AI Agent & Copilot Podcast: From AI Resistance to AI Readiness
Shawn Dorward tackles one of the most misunderstood obstacles in AI adoption: resistance. He makes the case that resistance isn’t a people problem, but it’s a leadership clarity problem, and the organizations that treat it that way are the ones that scale AI successfully.
Key Takeaways
- Resistance is quiet, not dramatic: Most AI resistance doesn’t look like rebellion. It looks like employees defaulting to old habits, experimenting privately but never sharing results, and meetings that fall flat despite leadership investment. If there’s no momentum, that’s your signal.
- Clarity, not pressure, is the cure: When leaders respond to slow AI adoption by adding deadlines, mandates, or more training, they’re treating a clarity problem like a compliance problem.
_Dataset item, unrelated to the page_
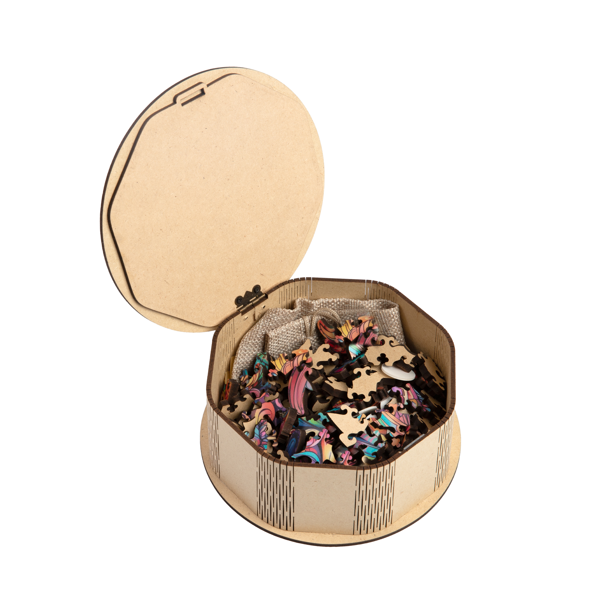 originální barevné puzzle z kvalitního dřeva potěší každého malého milovníka skládání. Skládání puzzlí je skvělý způsob, jak u dětí rozvíjet logické myšlení, jemnou motoriku i trpělivost. Hotové puzzle přinášejí radost z dokončeného úkolu, navíc je to ideální aktivita pro společně strávený čas s rodinou. Balení obsahuje 100 pevných dílků, mezi nimiž najdete i několik ve tvaru zvířat a přírodních motivů, které dodávají skládání hravý rozměr. Součástí balení je také praktický plátěný sáček na uložení dílků a samolepicí fólie, díky které můžete hotové puzzle zafixovat a třeba si ho vystavit jako obrázek. Balení obsahuje: 100 dílků, plátěný pytlík, samolepicí fólie.

When people don’t know where AI is expected, where it’s optional, or where human judgment must stay, hesitation is the natural result.
- Resistance can be a positive force: Not all resistance is bad. Some of it is protecting quality, protecting the team, or protecting the business. Leaders need to distinguish between someone challenging the tool and someone protecting their identity, and that requires conversation, not metrics.
- Make uncertainty a topic, not a taboo: Creating a safe space for employees to voice what feels unclear, uncomfortable, or uncertain about AI is one of the most powerful things a leader can do. When resistance gets spoken out loud, it becomes data. When it stays quiet, it becomes culture, and culture is much harder to fix.
- Psychological safety drives AI readiness: AI adoption isn’t just a technical event; it’s a psychological transformation. Organizations that allow iteration, visible learning, and safe experimentation will see people move out of self-protection mode and into genuine engagement. Readiness scales. Build it intentionally.